*Supplied data*.

>>>

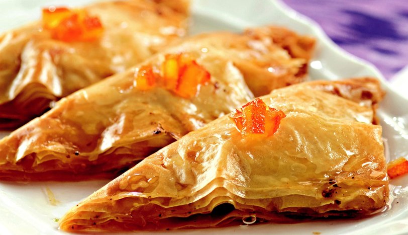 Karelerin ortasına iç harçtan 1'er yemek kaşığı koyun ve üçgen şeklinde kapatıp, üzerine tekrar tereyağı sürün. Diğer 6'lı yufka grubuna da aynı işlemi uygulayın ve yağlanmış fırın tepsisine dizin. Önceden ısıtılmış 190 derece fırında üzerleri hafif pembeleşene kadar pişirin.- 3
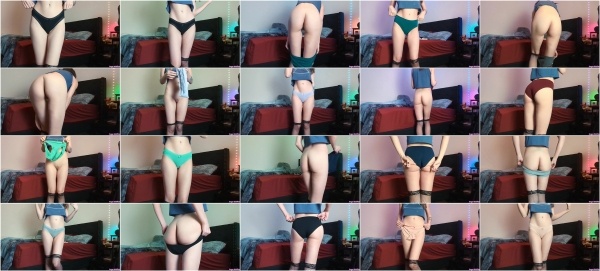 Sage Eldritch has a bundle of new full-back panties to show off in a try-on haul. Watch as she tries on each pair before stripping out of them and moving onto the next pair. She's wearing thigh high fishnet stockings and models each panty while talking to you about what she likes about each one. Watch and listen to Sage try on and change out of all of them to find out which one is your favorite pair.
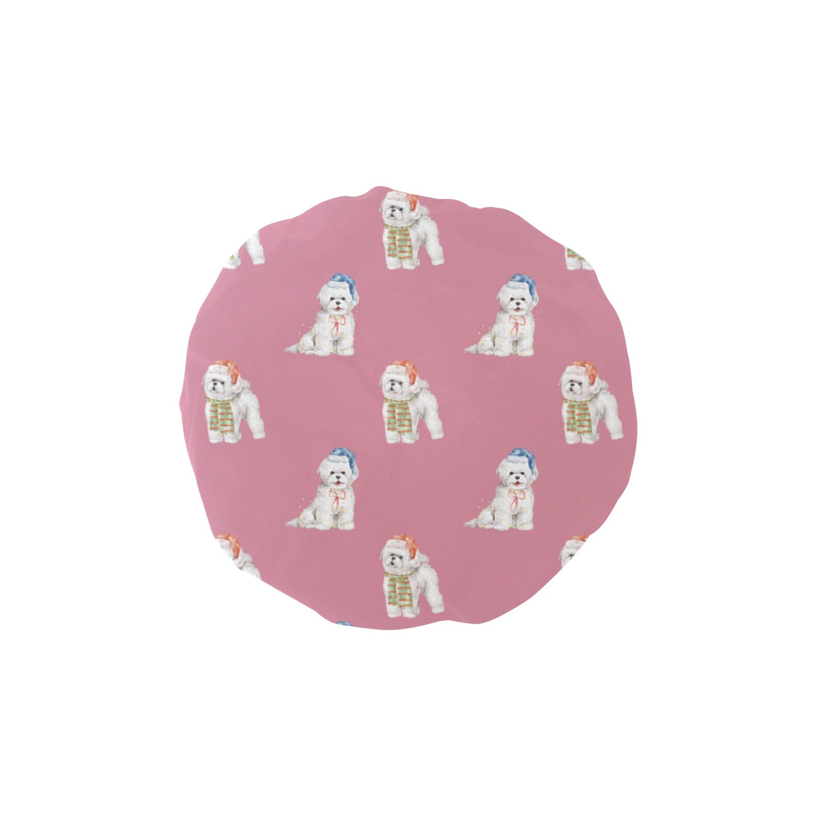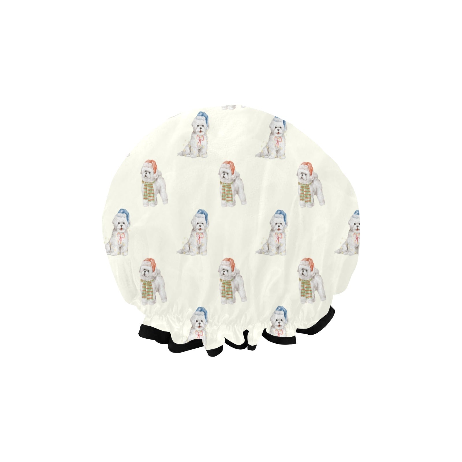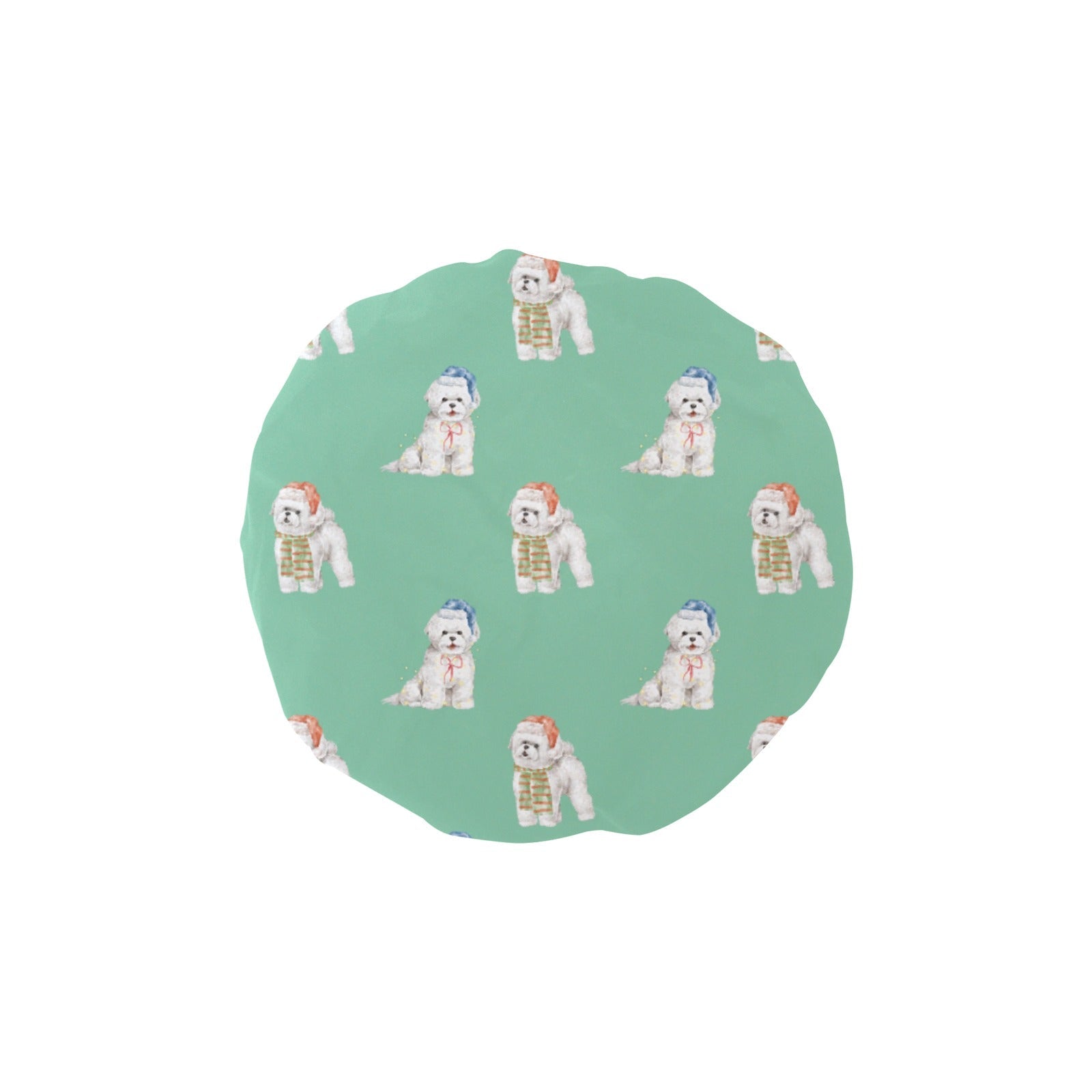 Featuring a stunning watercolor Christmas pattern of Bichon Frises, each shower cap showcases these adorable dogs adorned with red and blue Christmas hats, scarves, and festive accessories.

<<<
>>>

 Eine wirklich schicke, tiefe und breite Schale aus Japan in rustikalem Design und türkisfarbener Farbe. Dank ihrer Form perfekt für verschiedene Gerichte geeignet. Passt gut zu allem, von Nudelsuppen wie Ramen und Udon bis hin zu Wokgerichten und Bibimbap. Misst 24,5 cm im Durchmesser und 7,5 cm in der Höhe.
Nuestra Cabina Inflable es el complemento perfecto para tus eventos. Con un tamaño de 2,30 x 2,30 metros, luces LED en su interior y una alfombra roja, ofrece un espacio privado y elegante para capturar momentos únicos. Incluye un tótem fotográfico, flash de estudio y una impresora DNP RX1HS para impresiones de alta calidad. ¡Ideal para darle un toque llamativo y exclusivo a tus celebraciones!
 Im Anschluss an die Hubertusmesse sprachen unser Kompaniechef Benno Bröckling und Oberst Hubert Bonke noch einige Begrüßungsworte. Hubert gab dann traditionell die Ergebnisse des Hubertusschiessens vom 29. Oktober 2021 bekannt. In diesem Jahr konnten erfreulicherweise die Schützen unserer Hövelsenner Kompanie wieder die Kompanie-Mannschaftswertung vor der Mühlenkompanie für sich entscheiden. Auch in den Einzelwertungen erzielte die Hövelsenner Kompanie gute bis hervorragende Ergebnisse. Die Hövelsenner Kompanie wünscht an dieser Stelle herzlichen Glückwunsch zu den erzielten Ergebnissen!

<<<

*Directions for this task*. I'd like the lines above repeated exactly, from the one that contains "Karelerin ortasına iç" through the one that contains "Sage Eldritch has", with no pictures.

*Answer section*.
 Karelerin ortasına iç harçtan 1'er yemek kaşığı koyun ve üçgen şeklinde kapatıp, üzerine tekrar tereyağı sürün. Diğer 6'lı yufka grubuna da aynı işlemi uygulayın ve yağlanmış fırın tepsisine dizin. Önceden ısıtılmış 190 derece fırında üzerleri hafif pembeleşene kadar pişirin.- 3
 Sage Eldritch has a bundle of new full-back panties to show off in a try-on haul. Watch as she tries on each pair before stripping out of them and moving onto the next pair. She's wearing thigh high fishnet stockings and models each panty while talking to you about what she likes about each one. Watch and listen to Sage try on and change out of all of them to find out which one is your favorite pair.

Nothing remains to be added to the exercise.